以下的揭露提供了許多不同的實施例或例子,以實施所提供標的的不同特徵。以下描述之構件與安排的特定例子,以簡化本揭露。當然,這些僅僅是例子而不是用以限制本揭露。例如,在說明中,第一特徵形成在第二特徵之上方或之上,這可能包含第一特徵與第二特徵以直接接觸的方式形成的實施例,這也可以包含額外特徵可能形成在第一特徵與第二特徵之間的實施例,這使得第一特徵與第二特徵可能沒有直接接觸。此外,本揭露可能會在各種例子中重複參考數字及/或文字。此重複是為了簡明與清晰的目的,但本身並非用以指定所討論的各種實施例及/或架構之間的關係。The following disclosure provides many different embodiments or examples for implementing different features of the provided subject matter. Specific examples of components and arrangements are described below to simplify the present disclosure. Of course, these are just examples and not intended to limit the present disclosure. For example, in the illustration, a first feature is formed on or over a second feature, which may include embodiments where the first feature is formed in direct contact with the second feature, which may also include that additional features may be formed on the second feature. An embodiment between a feature and a second feature such that the first feature may not be in direct contact with the second feature. In addition, this disclosure may repeat reference numerals and/or text in various instances. This repetition is for the purposes of brevity and clarity, and is not intended, in itself, to specify a relationship between the various embodiments and/or architectures discussed.

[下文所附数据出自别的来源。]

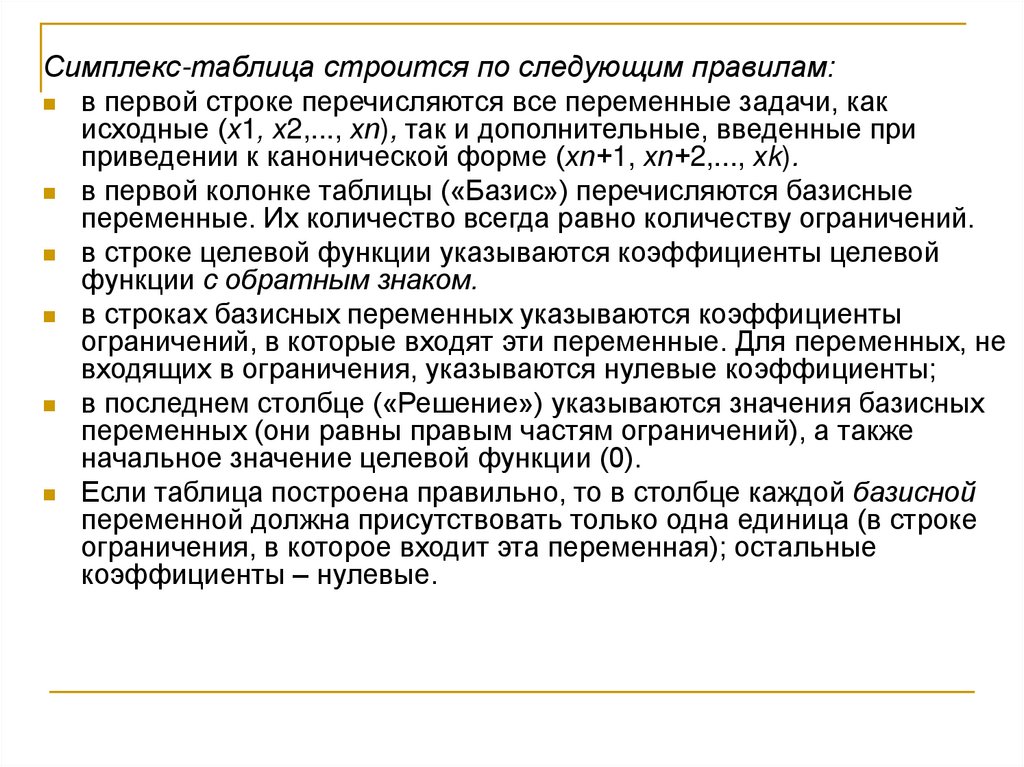 Симплекс-таблица строится по следующим правилам:в первой строке перечисляются все переменные задачи, как
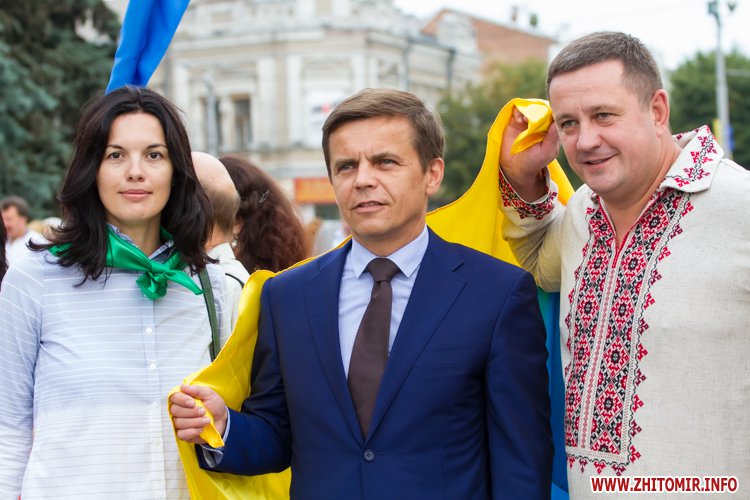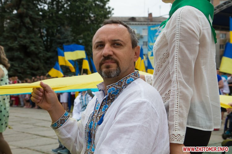 «Ми зробили такий флешмоб до Дня прапора з людьми з інвалідністю, які на візках і волонтерами ініціативної групи «Самопомочі». Ми розтягнули прапор і півтора квартали його везли цей прапор до майдану Корольова і там також його розтягнули. Ми не просто зробили такий флешмоб до Дня прапора, а зробили спеціально з людьми на візках для того, щоб наші люди звернули увагу на людей з обмеженими можливостями і зрозуміли, що вони такі самі, як і ми і їм треба просто допомагати з їхніми проблемами, а повірте, проблем там дуже багато. Ми збиралися біля драмтеатру і звідти їхали до майдану Корольова з розтягнутим прапором. Організатором виступила ініціативна група «Самопоміч». Участь у заході взяли 15 людей з інвалідністю та близько 20 волонтерів «Самопомочі», – розповів керівник ініціативної групи «Самопоміч» Станіслав Балакішієв.

再者,在此可能會使用空間相對用語,例如「底下(beneath)」、「下方(below)」、「較低(lower)」、「上方(above)」、「較高(upper)」等等,以方便說明如圖式所繪示之一元件或一特徵與另一(另一些)元件或特徵之關係。這些空間上相對的用語除了涵蓋在圖式中所繪示的方向,也欲涵蓋裝置在使用或操作中不同的方向。設備可能以不同方式定位(例如旋轉90度或在其他方位上),而在此所使用的空間上相對的描述同樣也可以有相對應的解釋。再者,「由...所製成(being made of)」之用語可解讀為「包含(comprising)」或「由...組成(consisting of)」的意思。在本揭露中,「A、B與C之一」之用語解讀為「A、B和/或C」(即A,B,C,A及B,A及C,B及C,或A、B及C),且除非另有說明,否則不解讀為來自A的一種元件、來自B的一種元件以及來自C的一種元件。Furthermore, spatial relative terms may be used here, such as "beneath", "below", "lower", "above", "upper", etc. etc., to facilitate the description of the relationship between one element or a feature and another (other) elements or features as shown in the drawings. These spatially relative terms are intended to cover different orientations of the device in use or operation in addition to the orientation depicted in the figures. The device may be positioned in different ways (eg, rotated 90 degrees or at other orientations), and the spatially relative descriptions used herein should likewise be construed accordingly. Furthermore, the term "being made of" can be interpreted as "comprising" or "consisting of". In this disclosure, the term "one of A, B, and C" is interpreted as "A, B, and/or C" (that is, A, B, C, A and B, A and C, B and C, or A, B, and/or C) B and C), and unless otherwise stated, are not to be read as one element from A, one element from B, and one element from C.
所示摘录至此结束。